Leftfield – Leftism

Créé à Londres en 1989 par Neil Barnes et Paul Daley, Leftfield est un groupe de musique électronique britannique. Après diverses expériences au sein de groupes house, ils unissent leurs efforts et leur son prend une forme plus personnelle faite de dub et de reggae, de rythmes jungles ; ils publient des singles à partir de 1990 et sont révélés grâce au titre A Final Hit sur la bande originale de Trainspotting en 1996… Paru l’année précédente, leur premier album Leftism est survitaminé à faire tomber les feuilles d’une plante verte située à côté de l’enceinte. Afro-Left progresse vers un tempo puissant émaillé du dialecte tribal et rapide de Neil Cole, au nombre des invités sur ce disque dont les claviers acides provoquent des tournis sonores (Original avec le chant de Toni Halliday, Space Shanty, Storm 3000) dignes des meilleurs manèges de fête foraine… On n’oublie pas Johnny Rotten tout à son élément sur le fiévreux Open Up bouclant cet opus trip hop et trance, aussi remuant que les Chemical Brothers avec un supplément d’âme qui les rapproche de The Shamen.
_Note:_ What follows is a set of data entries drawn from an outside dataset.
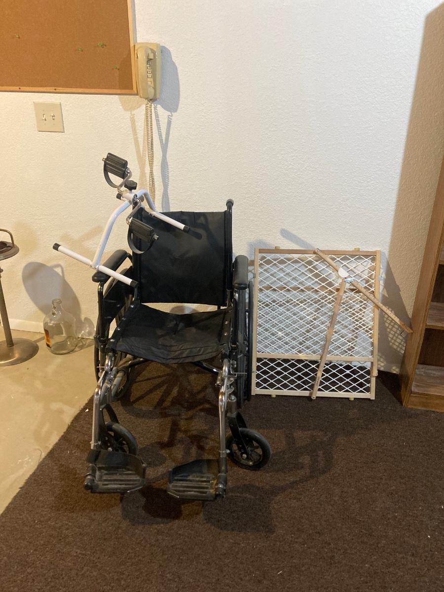 LOT 236 WHEEL CHAIR, GATE, TOUCH TONE WALL PHONE, AND EXERCISE PEDDLER
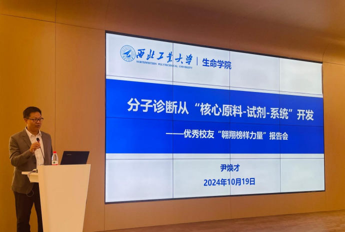 10月19日上午,英国正版365首页官网2009届硕士校友、中国科学院苏州生物医学工程技术研究所研究员尹焕才应邀做客我校“翱翔榜样力量”报告会,在生命科学与医学学部报告厅作题为《分子诊断从“核心原料-试剂-系统”开发》的主题报告。报告会由生命科学与医学学部党委副书记万海东主持,学部200余名师生代表参加了报告会。
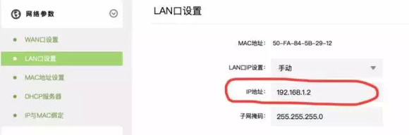 第一步,为了避免 IP 与主路由器( 192.168.1.1 )冲突,在这里我们需要将从路由器的 IP 地址设定为:192.168.1.2 ,就像下面这样:

Maserati – Pyramid of the Sun

Deux ans après Inventions for the New Season, Maserati travaille à son prochain album lorsque le batteur Jerry Fuchs perd la vie dans un accident d’ascenseur. Pyramid of the Sun paraît l’année suivante et lui rend hommage, les partitions de batterie ayant été enregistrées avant son décès, où les synthés tourmentés de Who Can Find the Beast oscillent entre Tangerine Dream et She Wants RevengeWe Got the System to Fight crève le plafond et Ruins sature sous une chape de plomb avant de s’écraser au ralenti, précédant les arpèges d’Oaxaca proches d’Oxygène 7-13. Un disque profond où l’absent plane au-dessus des guitares hypnotiques, qui se termine avec Bye M’Friend, Goodbye dont l’introduction rappelle Kids in America tandis que des chœurs inédits disent au revoir à l’infortuné ; présenté dans un digipack aux tons bistres, accompagné de photos saturées de soleil sur papier glacé.

Chris Knox – Polyfoto, Duck Shaped Pain & ‘Gum’
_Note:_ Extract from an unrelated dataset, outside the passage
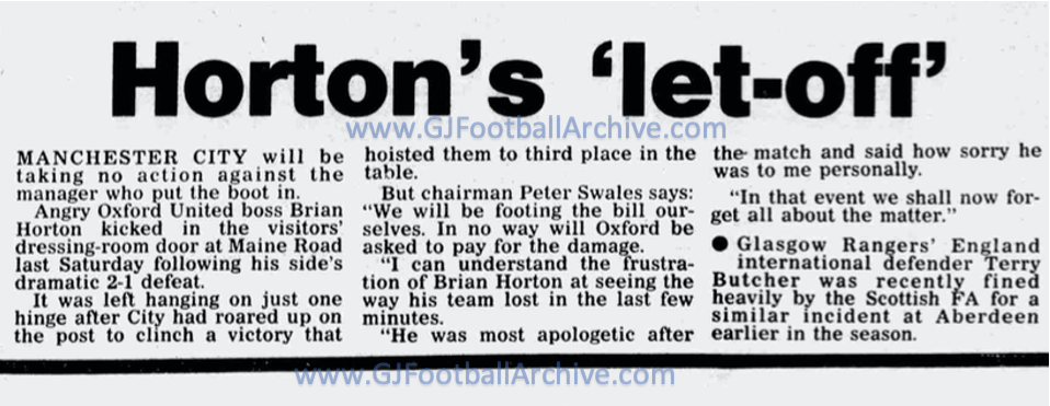 The series of articles covering Manchester City in the 1980s continues today with a reminder of the day Brian Horton damaged the Maine Road away team dressing room door. Future City boss Horton was then the manager of Oxford United. This article from this day (3 December) in 1988 explains how he was unhappy following his team’s dramatic 2-1 defeat the previous Saturday. City had been losing 1-0 with only a few minutes to go and then two dramatic late goals gave the Blues the victory. You can watch highlights here:

Chris Knox est un chanteur et compositeur néo-zélandais né en 1952. Il participe à plusieurs groupes punk au début des années 80, en particulier les Tall Dwarfs réputés pour leurs performances scéniques… Paru en 1993, son quatrième album démarre avec un Medley de 3 minutes où s’enchaînent les bribes des morceaux qui vont suivre, d’abord déroutant cela devient jubilatoire une fois que l’on connaît bien ce disque mitonné avec soin sur un arrangeur de poche casiotone et un mellotron, tambourin et kazoo n’étant jamais loin… Après Inside Story et ses choeurs à la Beatles, Under the Influence rappelle La Fossette tandis que les paroles de Not a Victim laissent sur le cul, chanson féministe réjouissante suivie d’Osmosis dont le chant m’évoque Elliott Smith… L’omnichord utilisé sur The Outer Skin rappelle les sons surannés d’Eurythmics ; quant à la veillée au chevet d’un ami (Intensive Care), elle tourne au trash dans un carambolage de guitares sur cet opus lo-fi entre Sparklehorse et Graham Coxon… Tapé à la machine et garni de photos colorées, agrafé à l’intérieur d’un digipack en triptyque, le livret est aussi généreux que ce disque franc du collier, tranchant et jovial.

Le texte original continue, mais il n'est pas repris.